WHAT YOU ARE ASKED TO DO:
Your reply should be the whole listing, copied exactly, with the pictures left out.

THE RECORDS:
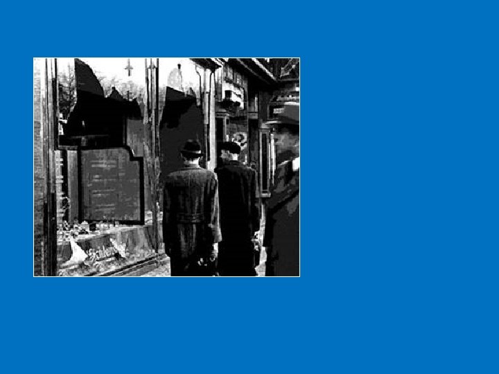 El Nazismo o Nacionalsocialismo • Antisemitismo y “Solución Final”: Leyes de Nuremberg (1935) Prohíben matrimonios entre arios y judíos. “Limpieza étnica”: esterilización de gitanos, homosexuales, enfermos mentales Sólo arios eran ciudadanos del Reich; los judíos eran considerados extranjeros. Segregación de judíos en Guettos. Progromos: persecución y ataque a judíos “Noche de los Cristales rotos”, 9 -9 de noviembre de 1938 Envío de 20. 000 judíos a Campos de Concentración.
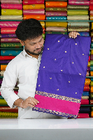 Soft Silk Gap Border Gold Zari Butti Navy Blue With Pink Saree
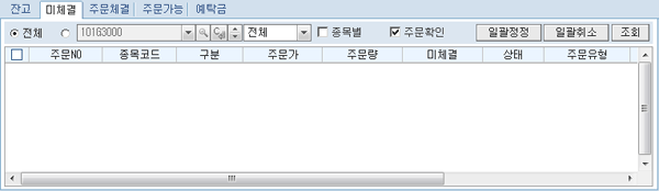 미체결 : 당일 전체 또는 종목별 미체결 현황을 조회할 수 있으며, 조회된 미체결 내역에 대하여 장중 일괄정정/ 일괄취소 주문을 실행시킬 수 있습니다.
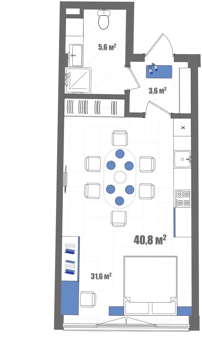 - Студия с видом на море (44.2 м²) — для романтиков и ценителей бескрайних просторов.
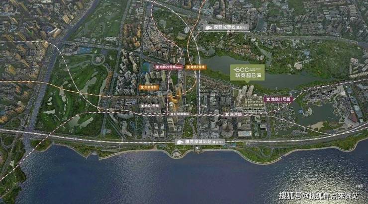 聊完项目本身,再看它的区位,这才是它最核心的价值锚点。联泰超总湾位于深超总东端门户,深湾四路与白石路交汇处,属于片区的"门面担当"。先说说交通,项目是妥妥的地铁上盖物业,步行几分钟就能到9号线深湾站C出口,还能近距离接驳2号线红树湾站。深超总片区规划了"六轨六站"的立体交通网络,包括已经通车的地铁2、9、11号线,还有规划中的29号线以及穗莞深、深莞城际轨道,未来出行简直不要太方便。道路交通方面,滨海大道(总部基地段)的交通综合改造工程主线已经通车了,这条全长5950米的主干道,主路双向8车道+辅路双向6车道,从项目出发30分钟就能直达福田CBD,衔接广深港高铁福田站后,深港半小时生活圈轻松实现。对于经常出差的顶豪客群来说,这种交通便利性无疑是重要加分项。
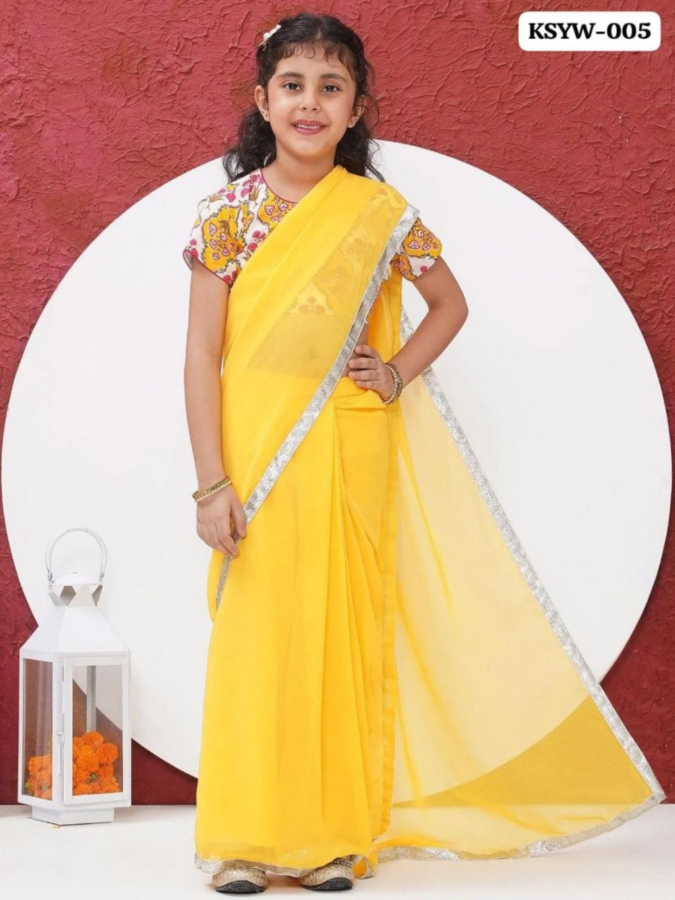 Yellow Georgette Ready To Wear Saree With Silver Lace Border For Baby Girls
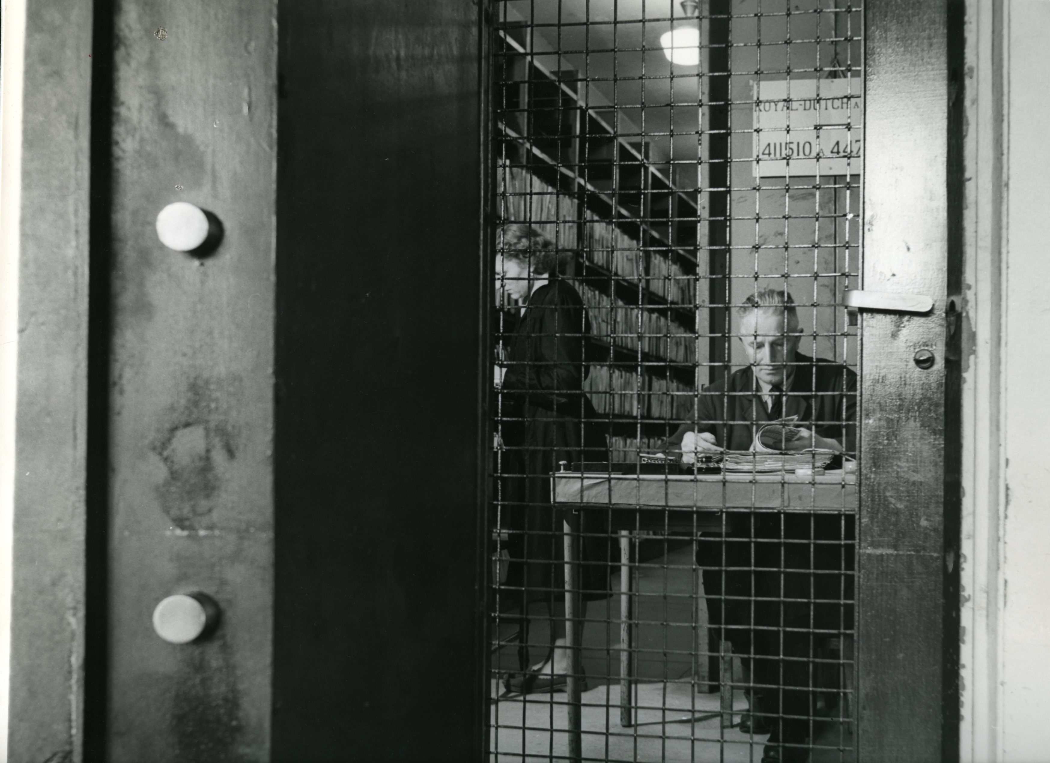 Aile arrière, rez-de-chausée, vue intérieure d'une salle des coffres, chambre forte, caisse Royal Dutch, photo vers 1945-1955Immatriculation

RESULT:
 El Nazismo o Nacionalsocialismo • Antisemitismo y “Solución Final”: Leyes de Nuremberg (1935) Prohíben matrimonios entre arios y judíos. “Limpieza étnica”: esterilización de gitanos, homosexuales, enfermos mentales Sólo arios eran ciudadanos del Reich; los judíos eran considerados extranjeros. Segregación de judíos en Guettos. Progromos: persecución y ataque a judíos “Noche de los Cristales rotos”, 9 -9 de noviembre de 1938 Envío de 20. 000 judíos a Campos de Concentración.
 Soft Silk Gap Border Gold Zari Butti Navy Blue With Pink Saree
 미체결 : 당일 전체 또는 종목별 미체결 현황을 조회할 수 있으며, 조회된 미체결 내역에 대하여 장중 일괄정정/ 일괄취소 주문을 실행시킬 수 있습니다.
 - Студия с видом на море (44.2 м²) — для романтиков и ценителей бескрайних просторов.
 聊完项目本身,再看它的区位,这才是它最核心的价值锚点。联泰超总湾位于深超总东端门户,深湾四路与白石路交汇处,属于片区的"门面担当"。先说说交通,项目是妥妥的地铁上盖物业,步行几分钟就能到9号线深湾站C出口,还能近距离接驳2号线红树湾站。深超总片区规划了"六轨六站"的立体交通网络,包括已经通车的地铁2、9、11号线,还有规划中的29号线以及穗莞深、深莞城际轨道,未来出行简直不要太方便。道路交通方面,滨海大道(总部基地段)的交通综合改造工程主线已经通车了,这条全长5950米的主干道,主路双向8车道+辅路双向6车道,从项目出发30分钟就能直达福田CBD,衔接广深港高铁福田站后,深港半小时生活圈轻松实现。对于经常出差的顶豪客群来说,这种交通便利性无疑是重要加分项。
 Yellow Georgette Ready To Wear Saree With Silver Lace Border For Baby Girls
 Aile arrière, rez-de-chausée, vue intérieure d'une salle des coffres, chambre forte, caisse Royal Dutch, photo vers 1945-1955Immatriculation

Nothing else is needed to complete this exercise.